(Stored entries)
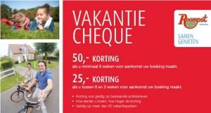 Met de Vakantiecheque Roompot kunt u genieten van aanbiedingen voor het verblijf in bungalowparken, vakantieparken en campings, zowel in Nederland als in Duitsland, aan de kust maar ook in het bos!
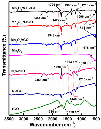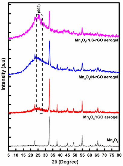 2.2. Synthesis of Mn2O3/rGO and Mn2O3/Heteroatom-Doped rGO Aerogels
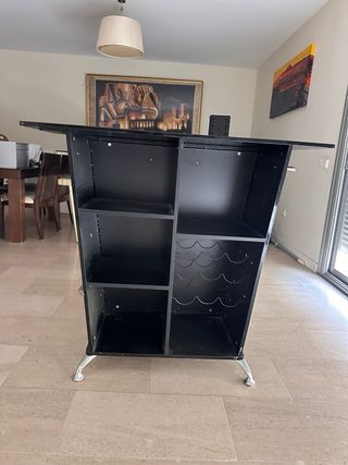 Estaba guardado sin usar, no ha estado en la cocina( por lo que no tiene grasa) es de forja con mimbre y espacio para 5 botellas.
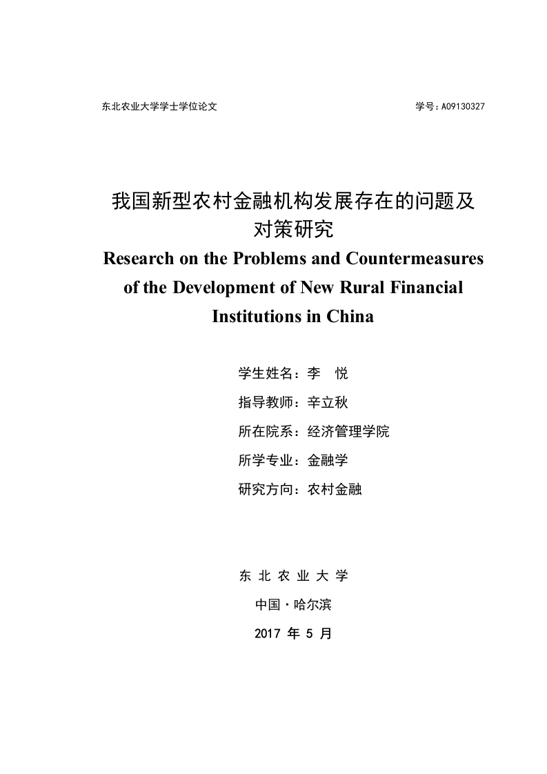 首页毕业论文金融我国新型农村金融机构发展存在的问题及对策研究
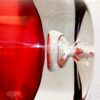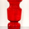 This striking vase, with its interesting three part column, is made of deep red glass. It is quite substantial and the base is clear with a bubble. Possibly Swedish.
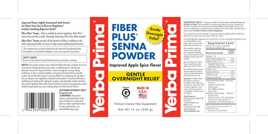 12 oz Yerba Prima Fiber Plus Senna Powder - Apple Spice Flavor, Stevia Sweetened, Gentle Overnight Relief, Restores Regularity
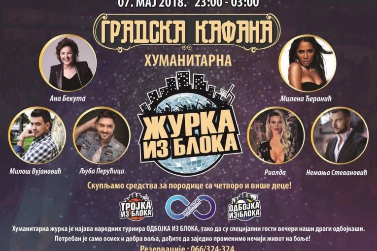 Trojka iz Bloka, koja iz godine u godinu organizuje humanitarne događaje na teritoriji Srbije i regiona, ove subote (7.maja) organizuje humanitarnu žurkuza porodice sa ćetvoro i više dece.
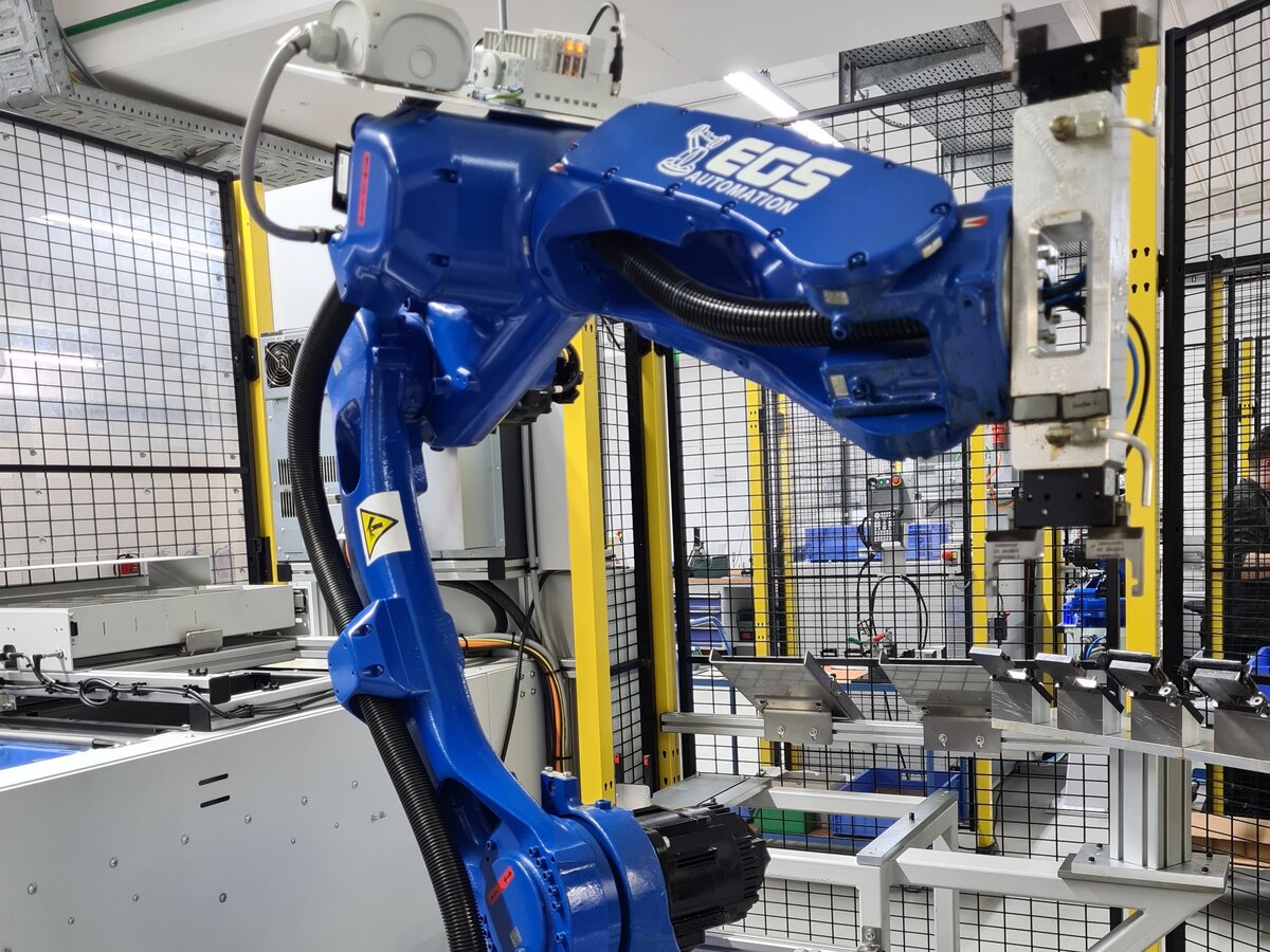 Das schnelle und präzise Werkstückhandling übernimmt dabei ein Yaskawa GP12, ein 6-Achs-Knickarmroboter mit knapp 1,5 Metern Reichweite und 12 Kilogramm Traglast.
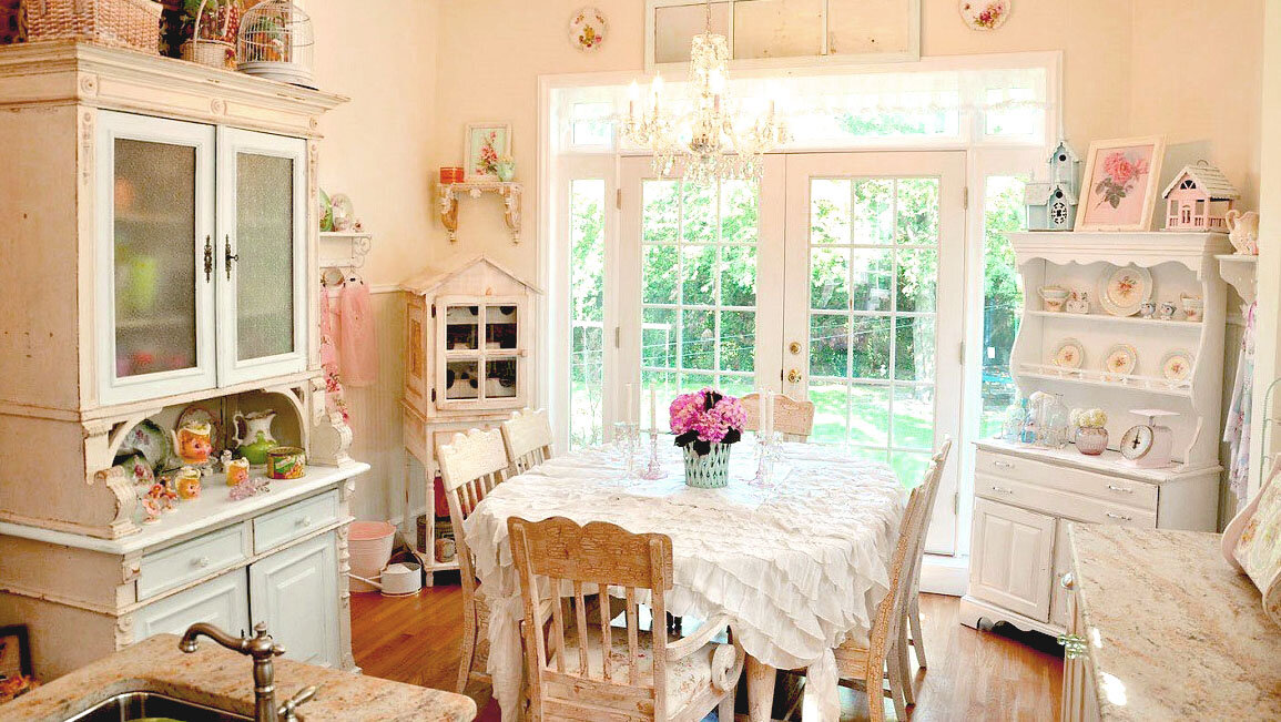 Этому стилю присуще обилие текстиля: занавески, шторы, салфетки и полотенца. Основная цветовая гамма — пастельные нежные оттенки с вышивкой растительного орнамента или тонкой, чуть видной полоской.
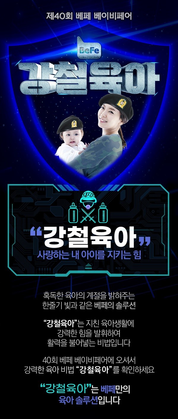매회 육아 트렌드를 반영한 전시 테마로 화제가 됐던 베페는 이번 40회에서는 코로나19로 인해 혹독한 육아의 계절을 겪고 있는 상황에서 다양하고 우수한 품질의 유아용품으로 사랑하는 내 아이를 안전하게 지킨다는 의미인 ‘강철육아’를 테마로 삼아 전시회를 기획했다.
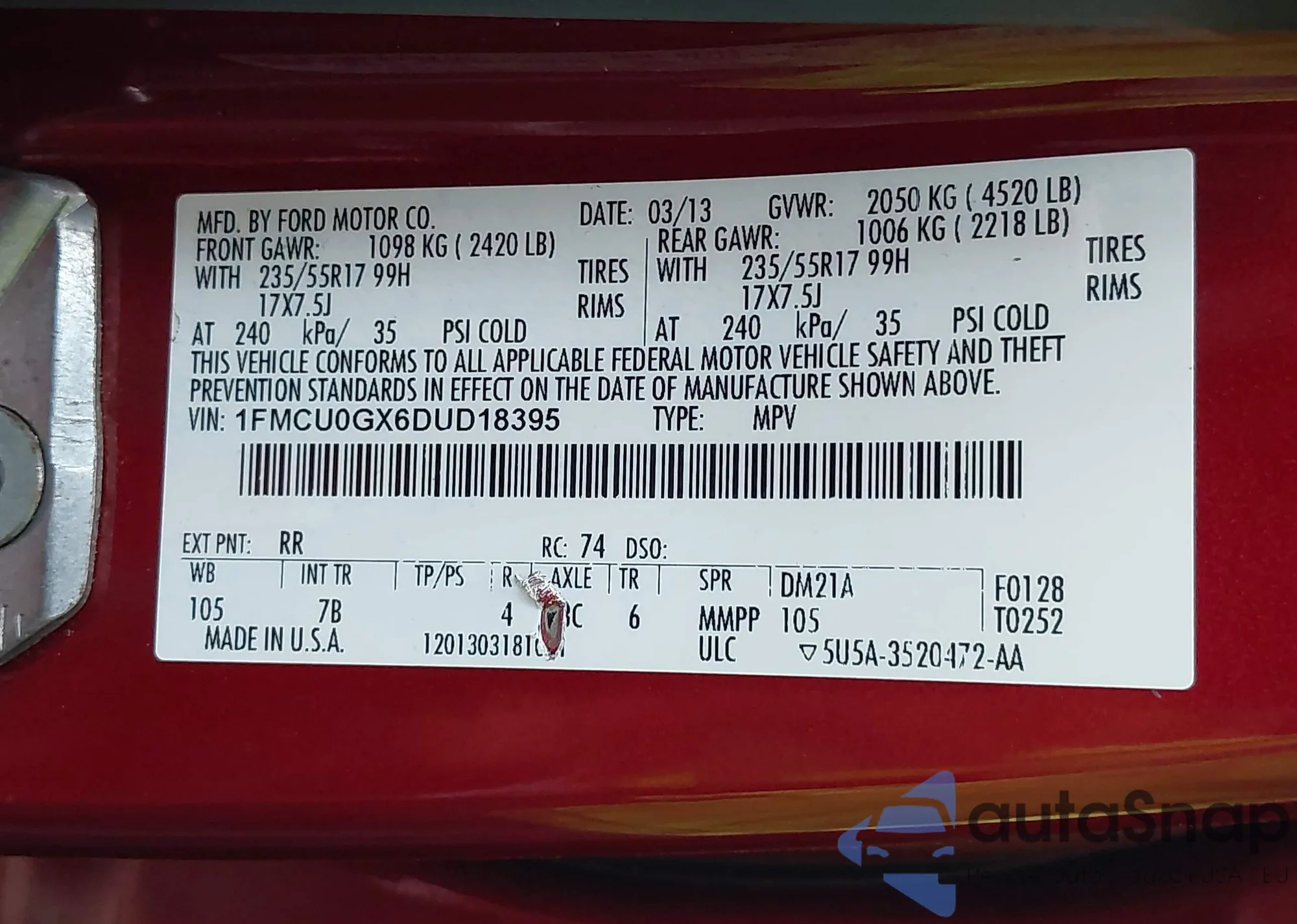 • VIN 1FMCU0GX6DUD18395

> **EXERCISE**
The response should hold only an exact retyping of the lines from the beginning of the data through the line containing "首页毕业论文金融我国新型农村金融机构发展存在的问题及对策研究", both ends kept, pictures omitted.

> **ANSWER TO THE PROBLEM**
 Met de Vakantiecheque Roompot kunt u genieten van aanbiedingen voor het verblijf in bungalowparken, vakantieparken en campings, zowel in Nederland als in Duitsland, aan de kust maar ook in het bos!
 2.2. Synthesis of Mn2O3/rGO and Mn2O3/Heteroatom-Doped rGO Aerogels
 Estaba guardado sin usar, no ha estado en la cocina( por lo que no tiene grasa) es de forja con mimbre y espacio para 5 botellas.
 首页毕业论文金融我国新型农村金融机构发展存在的问题及对策研究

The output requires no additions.